[DATA BELOW]:
◇ ◇ ◇ ◇ ◇

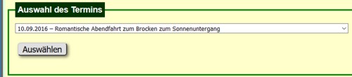 Hat man einen anderen Termin gewählt oder den Schalter betätigt, wird die Seite neu angezeigt, um die Preise/Texte der Positionen und die Stationen für Zu-/Ausstieg entsprechend der gewählten Veranstaltung aus der Datenbank einzulesen.
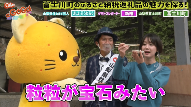 地域の名産品を新唯(あらたゆい・ミスSPA2022グランプリ)と、全国の“住みます芸人”が紹介する『ゲマトスグルメレポート』。12月1日(木)は富士川町在住の山梨県住みます芸人の「いしいそうたろう」をゲストに迎え、ご当地キャラの「ゆずにゃん」と富士川町のふるさと納税返礼品の魅力を探ります。
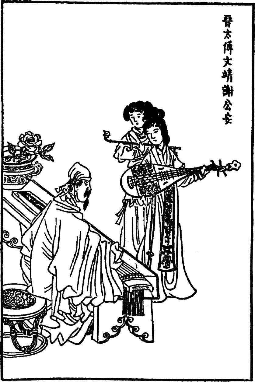 位极人臣的东晋太傅谢安,可以和妓女厮混,但不能纳妾。(选自《於越先贤像传赞》,清王龄撰,任熊绘图,咸丰六年萧山王氏养和堂刻本。)

◇ ◇ ◇ ◇ ◇

[ABOUT THIS TASK]:
All of the material should be reproduced exactly, apart from the pictures.

[RESULT FOR THIS TASK]:
 Hat man einen anderen Termin gewählt oder den Schalter betätigt, wird die Seite neu angezeigt, um die Preise/Texte der Positionen und die Stationen für Zu-/Ausstieg entsprechend der gewählten Veranstaltung aus der Datenbank einzulesen.
 地域の名産品を新唯(あらたゆい・ミスSPA2022グランプリ)と、全国の“住みます芸人”が紹介する『ゲマトスグルメレポート』。12月1日(木)は富士川町在住の山梨県住みます芸人の「いしいそうたろう」をゲストに迎え、ご当地キャラの「ゆずにゃん」と富士川町のふるさと納税返礼品の魅力を探ります。
 位极人臣的东晋太傅谢安,可以和妓女厮混,但不能纳妾。(选自《於越先贤像传赞》,清王龄撰,任熊绘图,咸丰六年萧山王氏养和堂刻本。)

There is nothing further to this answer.